# Bullseye "Ringshot"



## bullseyeben!

This is a great lil micro frame i made some time ago, thats very pocket happy yet still packs some punch.
I would be glad to see some other members have a crack at making one. A great lil plinker! It's just on 3" tall, 2" wide at the lower forks that slightly narrow towards the top, with the ring whole at 1" also the fork spacing inside at 1"... hope to see some members give it a crack.. I would also recommend that people only try this design if they are experienced shooters, especially with small frames, or no frame at all lol.


----------



## Charles

Nice design ... very compact. Once again it illustrates the fact that you do not need a massive frame to have a powerful slingshot.

Cheers ...... Charles


----------



## Hrawk

Here's the PDF


----------



## bullseyeben!

Thanks for that hrawk!

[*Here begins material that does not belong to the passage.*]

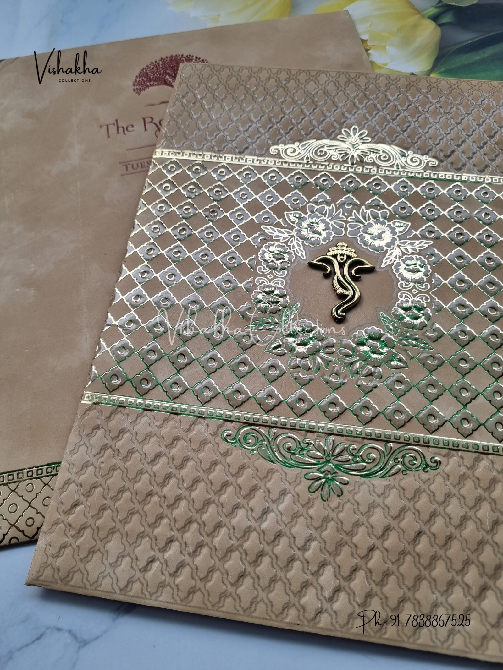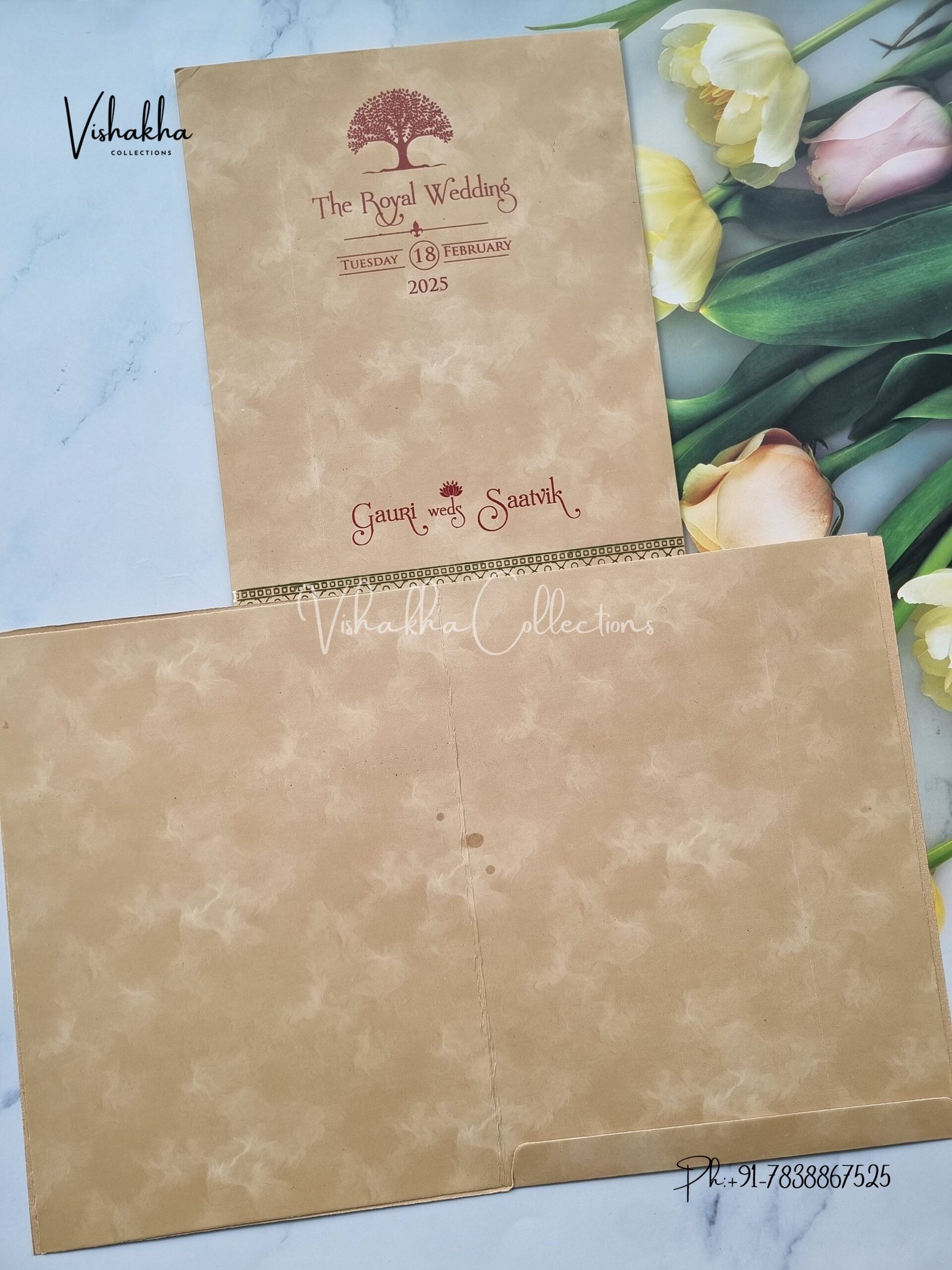Vishakha Collections presents you beautiful luxury wedding invitation cards with all latest designs and the latest variety. Its just not a wedding invitation card but a beautiful feeling of love and relationship it carries for you. Beautifully printed and packed with a bundle of love. if you like it, dont think again, just go for it.If you are worrying about the quality of the product, send your doubts to us. We are here to help you. If you want in wholesale or bulk, dont forget to contact us.

Good man...


----------



## Hrawk

Any time man, I've finished all my 3D work for the year, now its time to play with the things I like doing









Anything else you would like drawn up ?


----------



## pomputin

I made one out of 8mm MDF and added self-amalgamating tape for a good grip, it´s fantastic!


----------



## pomputin

I will try to make an aluminium cast version by lost foam casting technique and I started a new topic about it. search for Lost foam/wax casting.


----------



## e~shot

Cool!


----------



## bullseyeben!

Cool sounds a great idea, keep us informed of your progress.. Ben


----------



## newconvert

i am going to try this one out, i love how small it is, but so big at the same time


----------



## kootenay

Just built this baby soon as I get some bands going to try it out


----------



## Jesus Freak

Thanks for this little shooter...


----------



## Flatband

Hey BEB,
that is one cool little frame Bud! Nice job! Flatband


----------



## newconvert

bullseyeben! said:


> This is a great lil micro frame i made some time ago, thats very pocket happy yet still packs some punch.
> I would be glad to see some other members have a crack at making one. A great lil plinker! It's just on 3" tall, 2" wide at the lower forks that slightly narrow towards the top, with the ring whole at 1" also the fork spacing inside at 1"... hope to see some members give it a crack.. I would also recommend that people only try this design if they are experienced shooters, especially with small frames, or no frame at all lol.


i made one! shoots nice


----------



## bullseyeben!

Good job mate! Looks like its oak or ash? How will you go about the finish? In that vid i used a double straight cut about 12mm wide each at about 8".. I now prefer a zippy easier pull on this frame prob a 22 - 18mm taper 8" tied single per side.. the longish bands lend a bit of life to the taper effect, and will still clock an easy 230 fps + with 9mm.. keep us posted, cheers, Ben


----------



## newconvert

bullseyeben! said:


> Good job mate! Looks like its oak or ash? How will you go about the finish? In that vid i used a double straight cut about 12mm wide each at about 8".. I now prefer a zippy easier pull on this frame prob a 22 - 18mm taper 8" tied single per side.. the longish bands lend a bit of life to the taper effect, and will still clock an easy 230 fps + with 9mm.. keep us posted, cheers, Ben


its red oak, i finished it with teak oil only, i like the grippy feel to this little ring shooter i am banding it with tex's bb bands. right at 12.7 x 9.5 x 190mm i love shooting bbs with this thing. i am beginning to like latex over thera as well. even at 7.5" i am doing butterfly with this tiny bands! i know i know the bands look enormous compared to the ring shooter, i think that is funny mate! thanks for the design.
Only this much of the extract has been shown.